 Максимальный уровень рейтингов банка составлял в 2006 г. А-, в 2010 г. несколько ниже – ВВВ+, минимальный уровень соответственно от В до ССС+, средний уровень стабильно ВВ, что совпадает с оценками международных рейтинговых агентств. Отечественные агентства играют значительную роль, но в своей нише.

...

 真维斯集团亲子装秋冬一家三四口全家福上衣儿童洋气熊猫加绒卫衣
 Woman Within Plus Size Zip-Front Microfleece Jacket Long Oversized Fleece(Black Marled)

...

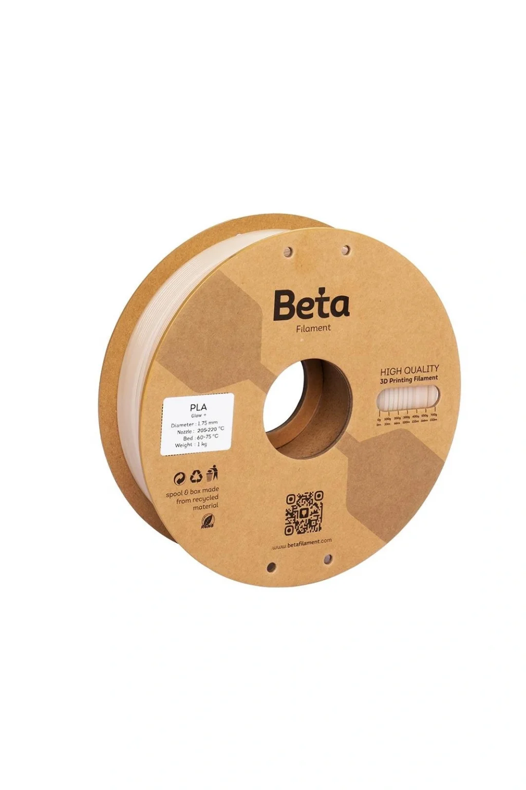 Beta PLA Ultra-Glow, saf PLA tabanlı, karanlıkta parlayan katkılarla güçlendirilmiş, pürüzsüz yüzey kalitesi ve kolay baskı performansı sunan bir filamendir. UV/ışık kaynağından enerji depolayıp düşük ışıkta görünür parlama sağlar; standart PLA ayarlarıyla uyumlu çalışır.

-- Task statement --
Reproduce, character for character, only the lines of the preceding data that start at the line with "真维斯集团亲子装秋冬一家三四口全家福上衣儿童洋气熊猫加绒卫衣" and end at the line with "Woman Within Plus", both included.

-- Answer section --
 真维斯集团亲子装秋冬一家三四口全家福上衣儿童洋气熊猫加绒卫衣
 Woman Within Plus Size Zip-Front Microfleece Jacket Long Oversized Fleece(Black Marled)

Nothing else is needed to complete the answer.